Publication	Pascucci et al. 2004 [ADS]
Web site	http://www.mpia.de/PSF/PSFpages/RT/benchmark.html
Ski file	pascucci_template.ski
Wavelength grid	pascucci_wavelengths.dat

SKIRT results

The figures below show the SEDs produced by SKIRT for an inclination of ${12.5}^{\circ }$ (left) and ${77.5}^{\circ }$ (right) and for edge-on optical depths ranging from 0.1 to 100 (colored curves and dots). The solid lines show the SKIRT solutions, the dots indicate the range of the solutions produced by the five codes participating in the original benchmark. The lower panel of each figure displays the difference between the SKIRT solution and the average benchmark solution for the highest optical depth.

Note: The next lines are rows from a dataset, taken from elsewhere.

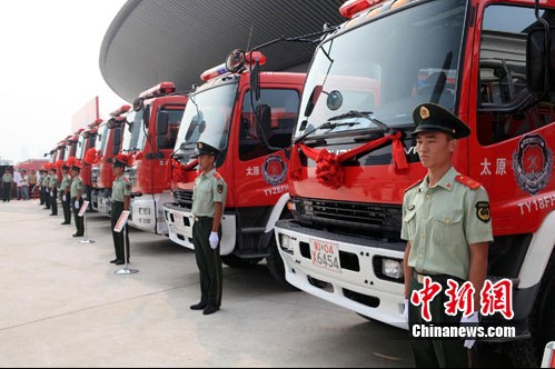 來自中新網(wǎng)消息:2011年7月20日上午,太原市為“迎中博”消防隊專門配發(fā)特種消防車,此交車儀式在煤炭交易中心舉行,消防大隊幾百名消防官兵參加了配發(fā)儀式。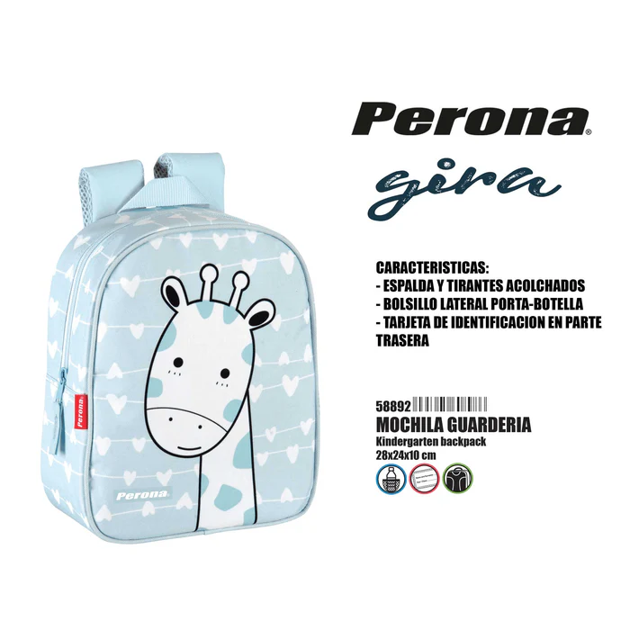 Esta dulce mochila infantil en azul claro está diseñada para acompañar a los pequeños en edad preescolar en todas sus aventuras. Su frontal destaca por una encantadora jirafa en tonos blancos y azules, con detalles tridimensionales que le dan un aspecto tierno y divertido. Las manchas, los grandes ojos y las orejitas en relieve aportan un toque amistoso que enamora al instante. El fondo, decorado con corazones en tonos suaves, completa un diseño alegre y lleno de personalidad.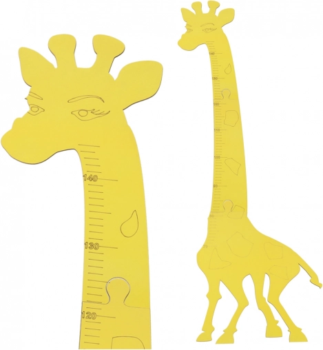 The yellow giraffe with bold height markers adds color to the room and motivates children to measure regularly.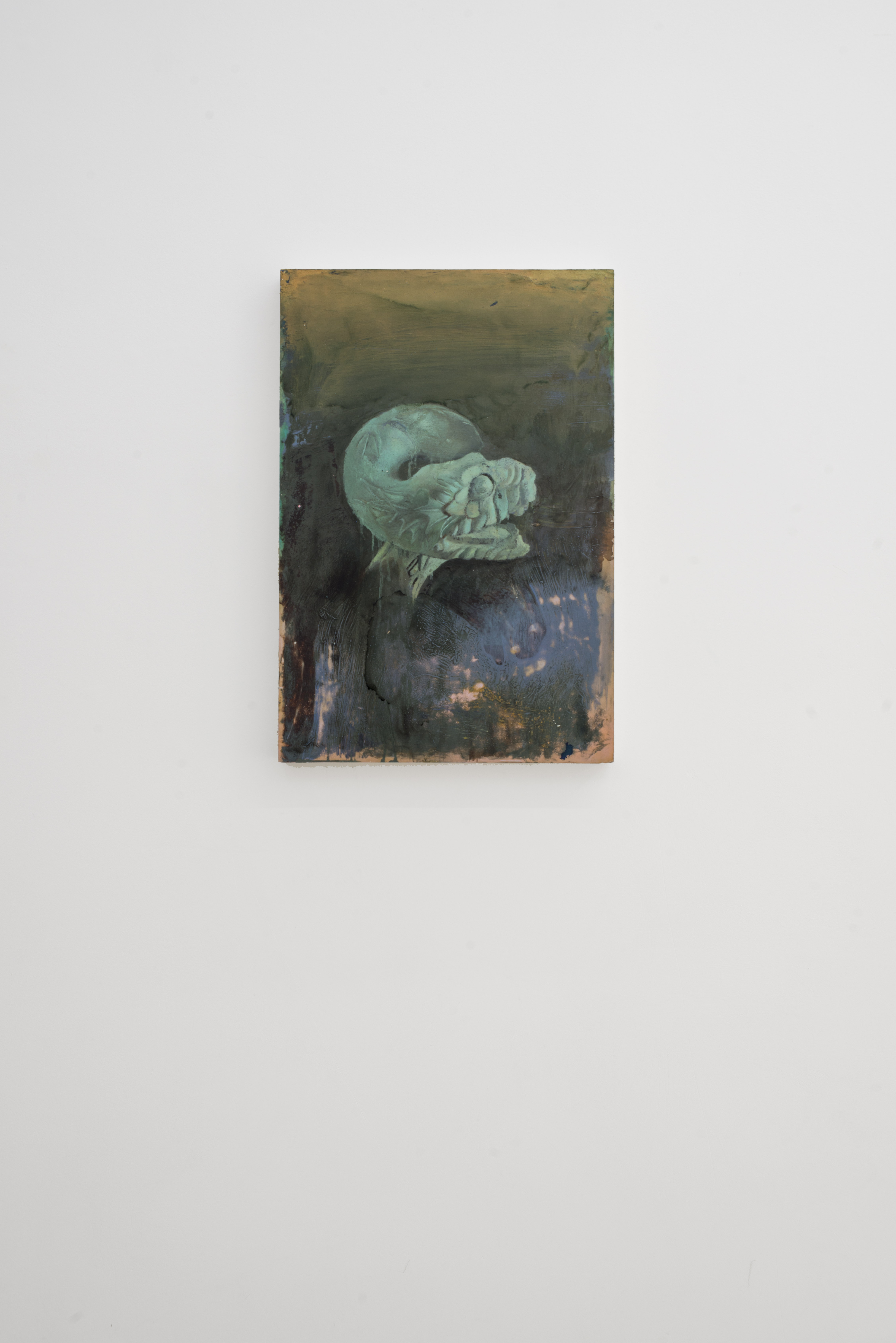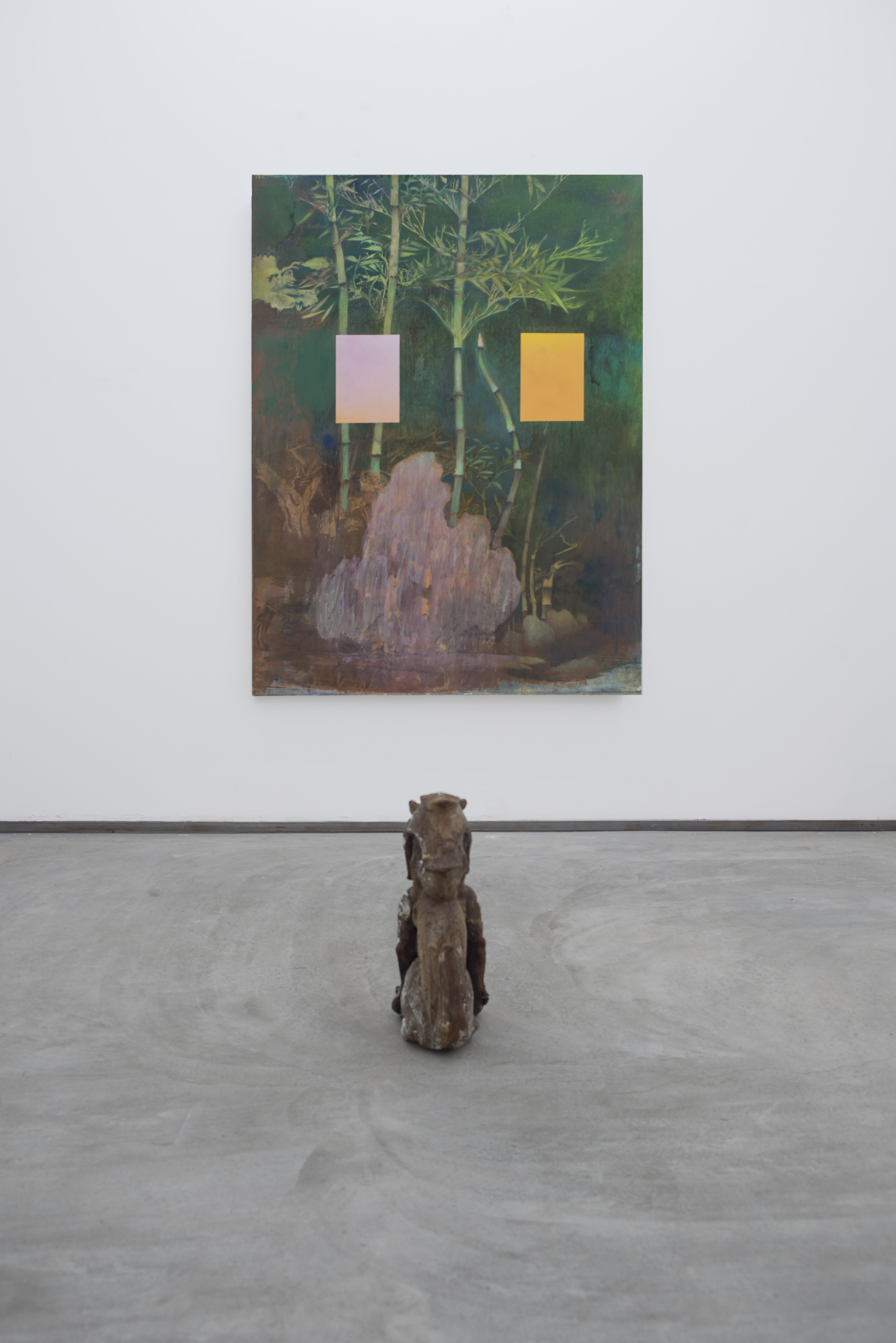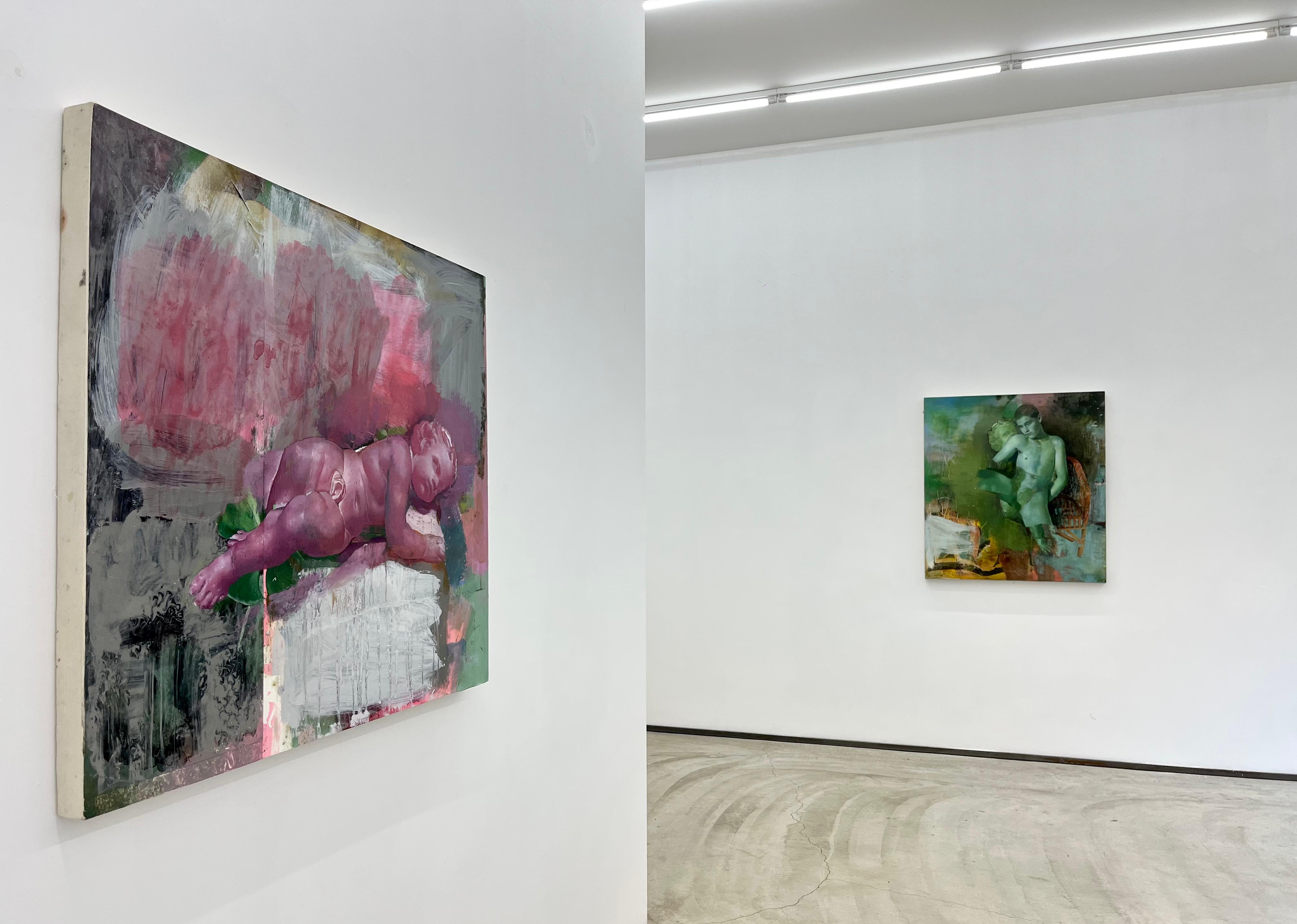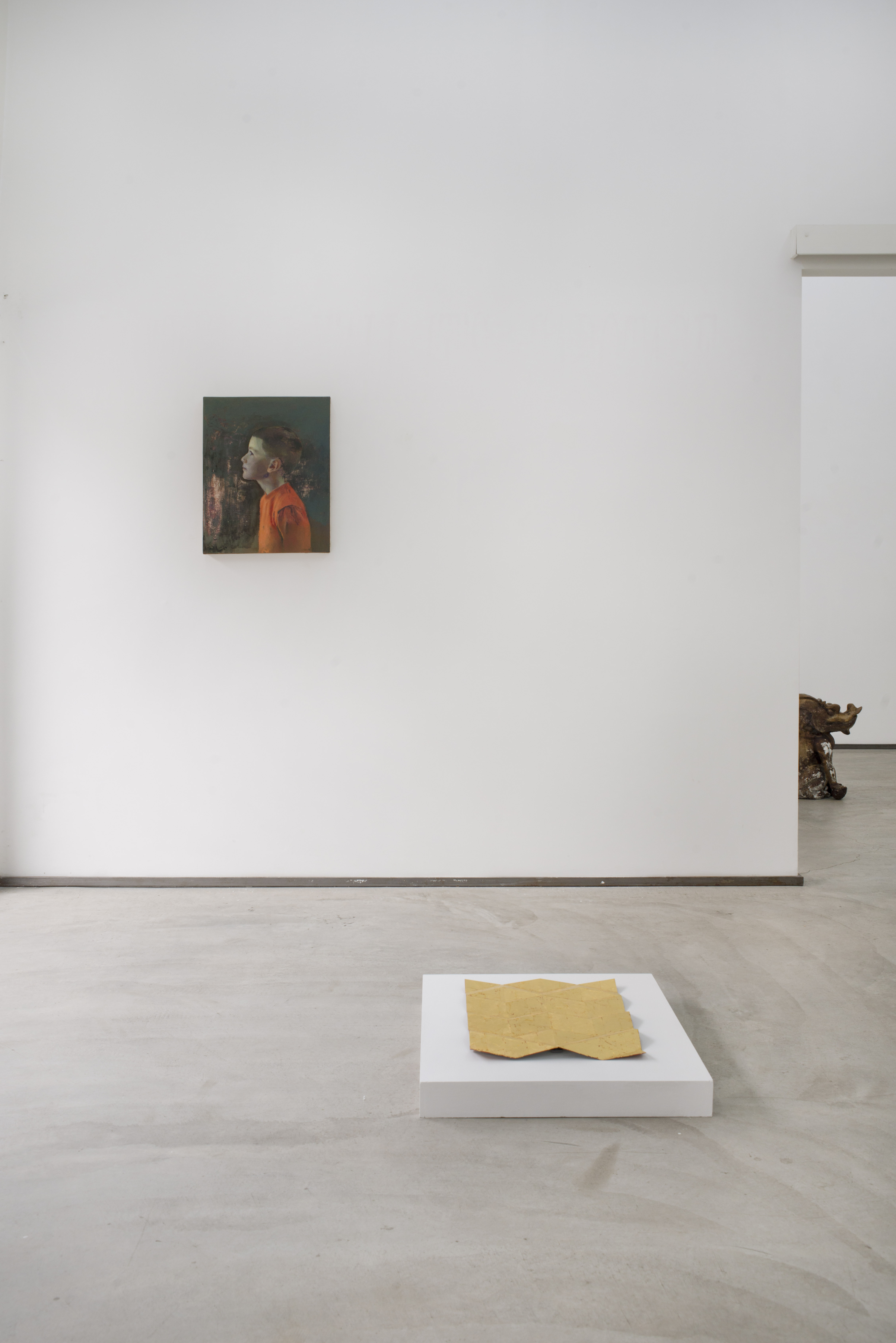 Moving between painting and sculpture, the artist’s practice unfolds as a series of transformations: in Putto and Self-portrait as a Young Man (Pyromaniac), bodies bend and dissolve; in Roses Bar and Lovers, intimate gestures are captured at the moment just before their full realization; while in Portrait with Flowers, the portrait escapes definition. At times, human figures withdraw, giving way to animals, hybrid forms, and presences suspended between vision and disappearance (Garden Deer, Auspicious Beast, Night Bamboo). In the sculptural works Philharmonie and Prussian’s Breast, the figure vanishes entirely, revealing a distinctly Berlin character made of layers and references—the titles, the architectural echoes of Scharoun’s concert hall, and materials such as copper that, with time, change color, like the city’s rooftops. Cuts and joints here resemble slits or fragile seams.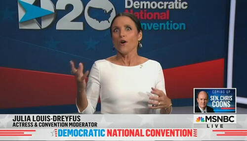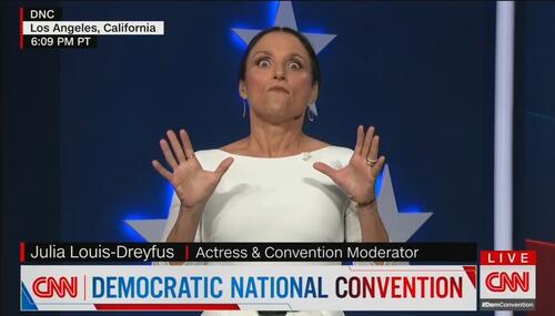After portraying the United States under Donald Trump as an unrelenting hellscape, the Democratic National Convention on Thursday closed out with attempts at comedy. Seinfeld star Julia Louis-Dreyfus anchored the 9 PM with painful jokes attempting to get people to text the campaign: “An easy way to remember 30330 is that is the year Donald Trump will finally release his tax returns.…
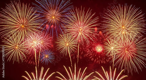 Naklejka premium Vibrant celebration fireworks display illuminating the night sky with...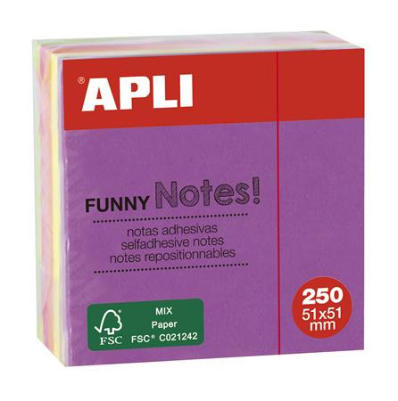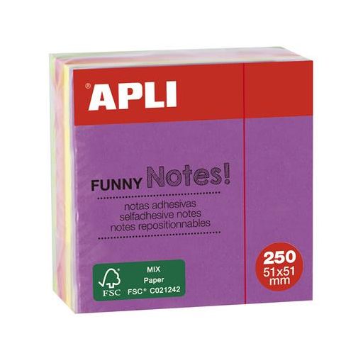 Öntapadó jegyzettömb, 51x51 mm, 250 lap, APLI "Funny", neon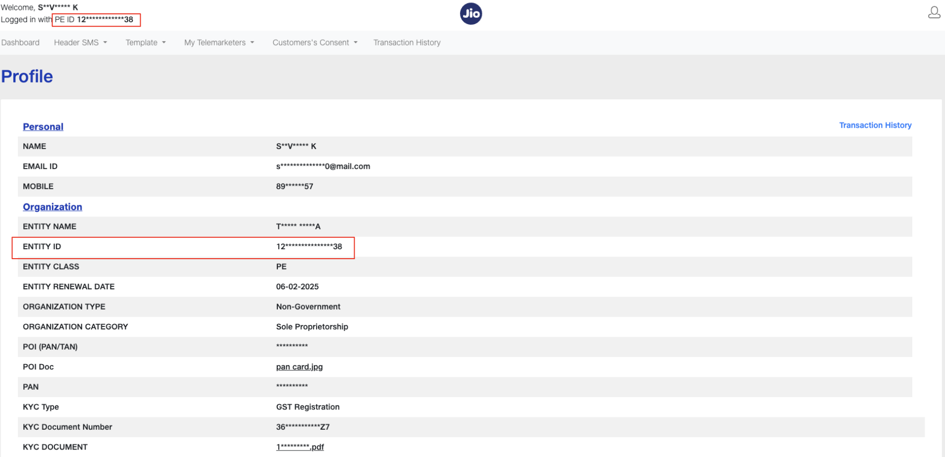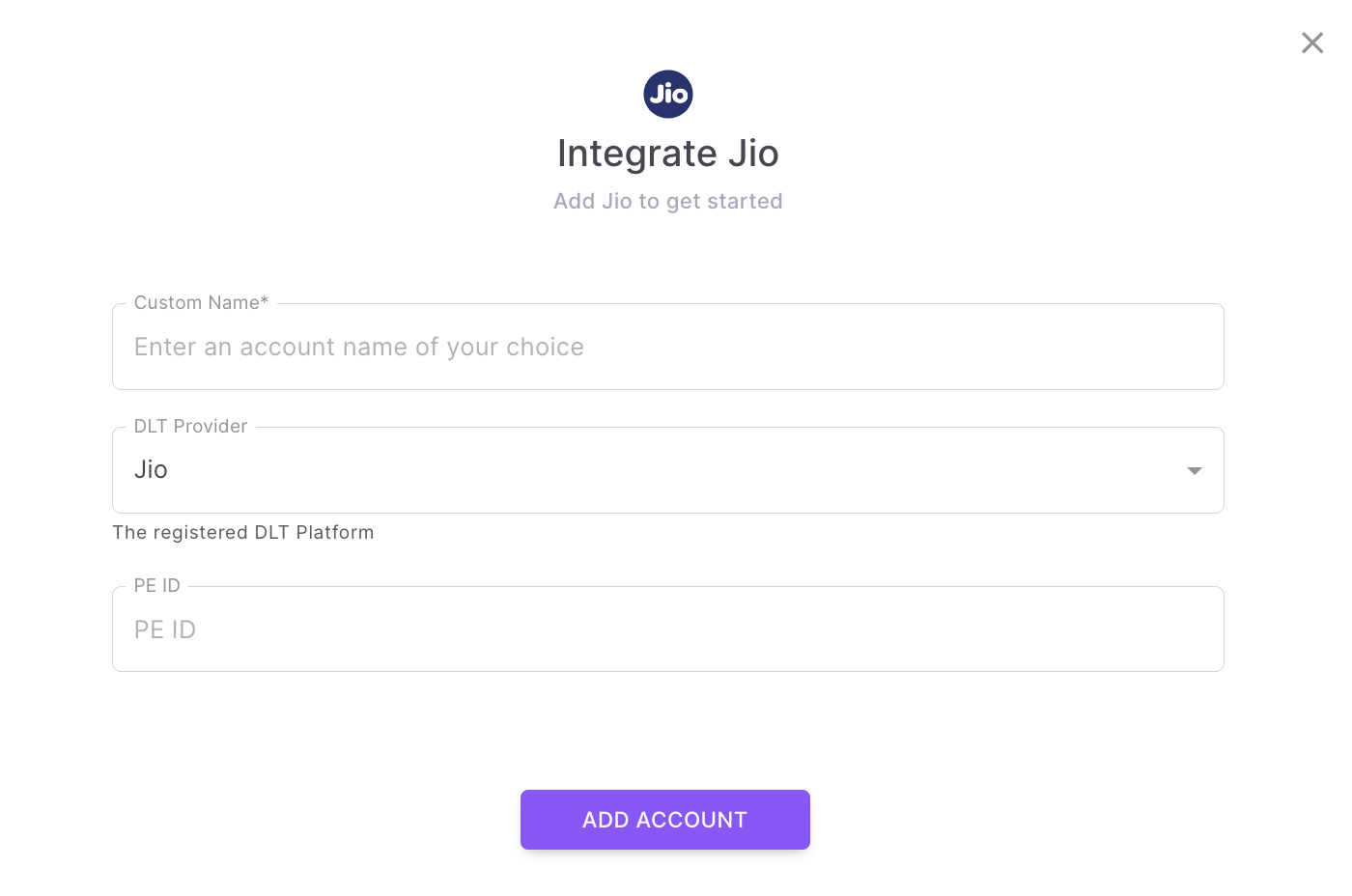 Core FeaturesIntegrationsDLTJioCopy pageApplicable only if your business is operating in India Before we get started, you will need to have a Jio DLT account already set up. 1Find the ProviderNavigate to Integrations -> DLT. Click on the “Jio” button.2Configure the IntegrationIn the below pop-up, fill in: Custom name: Provide a name that would help you identify the configured account in Fyno’s portal. DLT Provider: ‘Jio’ is pre-filled. PE Id (Private Entity Id): Go to your profile and get the PE id as shown below. 3Complete the IntegrationClick on “Add Account” once done, and you are all set!

The figure below shows the vertical temperature for the four models (with different optical depth) for a distance of 2 AU from the central star in the midplane, comparable to Figure 6 in Pascucci et al. 2004.

Performing this benchmark

To perform this benchmark, download the ski file and wavelength grid data file provided above (References and downloads). Open the ski file in a text editor to adjust the following parameter values to a particular benchmark configuration:

Parameter	XML element	XML attribute
Optical depth	OpticalDepthMaterialNormalization	opticalDepth
Nr of photon packets	MonteCarloSimulation	numPackets

The benchmark specifies radial optical depth values (integrated from the origin to infinity) while the values in the ski file normalize the optical depth along the complete X-axis (integrated from negative to positive infinity). The value in the ski file therefore must be set to twice the value specified for the corresponding benchmark. There are four optical depth values; here are the corresponding values for the number of photon packets in the SKIRT configuration:

Radial optical depth	Nr of photon packets
0.1	5e6
1	5e6
10	1e7
100	5e7

Then pass the (name of) the ski file to SKIRT as a single command line argument. Higher optical depths lead to longer simulation run times. At the end of the simulation run, SKIRT outputs temperature profiles and SEDs which can be compared to the original benchmark results.